• _PROBLEM_
Without the images, repeat every line of the listing exactly.

• _SOURCE DATA_

- - - - -

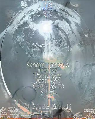 ihaइह vol.2 on May 22, 2026 at Saloon, Tokyo features Yuoto Saito, Pointhope, michika, Kanamemandala and West Ape performing techno DJ sets.
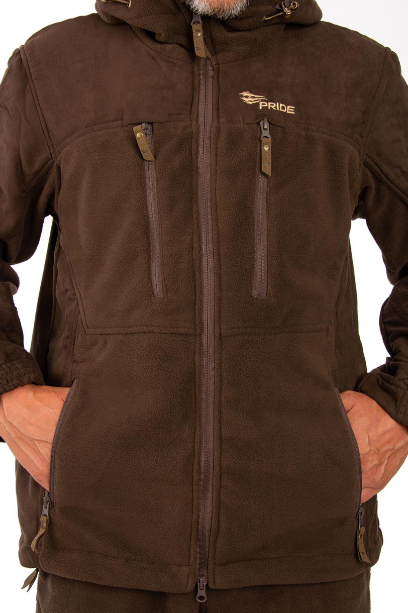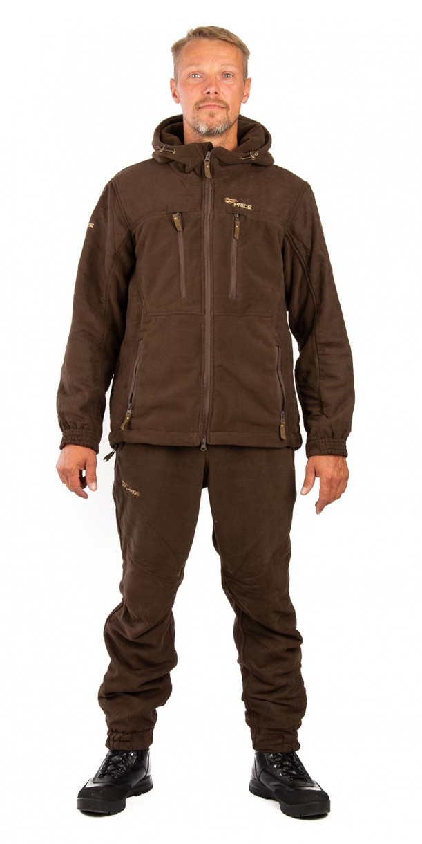 Флисовый костюм Yakut (Якут) выполнен из плотного флиса с усилениями из искусственной замши в местах повышенного износа. Флисовый костюм можно использовать как эффективный утепляющий слой под мембранную одежду для очень холодной погоды, а также применять как самостоятельное изделие в прохладную безветренную погоду. За счет комфортности материала костюм Yakut будет оптимальным выбором для отдыха в перерывах между охотой.
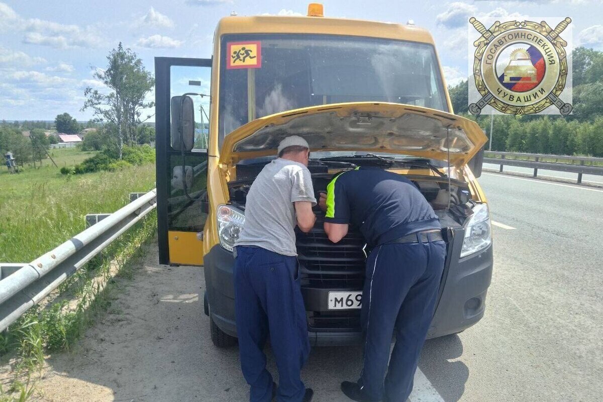 Сотрудники отдельного специализированного батальона ДПС ГИБДД по Чувашской Республике оказали помощь водителю школьного автобуса, следовавшего из Батыревского района в город Новочебоксарск. Во время движения на трассе у транспортного средства произошла поломка — вышли из строя ремень газораспределительного механизма и муфта.

- - - - -

• _RESPONSE AREA_
 ihaइह vol.2 on May 22, 2026 at Saloon, Tokyo features Yuoto Saito, Pointhope, michika, Kanamemandala and West Ape performing techno DJ sets.
 Флисовый костюм Yakut (Якут) выполнен из плотного флиса с усилениями из искусственной замши в местах повышенного износа. Флисовый костюм можно использовать как эффективный утепляющий слой под мембранную одежду для очень холодной погоды, а также применять как самостоятельное изделие в прохладную безветренную погоду. За счет комфортности материала костюм Yakut будет оптимальным выбором для отдыха в перерывах между охотой.
 Сотрудники отдельного специализированного батальона ДПС ГИБДД по Чувашской Республике оказали помощь водителю школьного автобуса, следовавшего из Батыревского района в город Новочебоксарск. Во время движения на трассе у транспортного средства произошла поломка — вышли из строя ремень газораспределительного механизма и муфта.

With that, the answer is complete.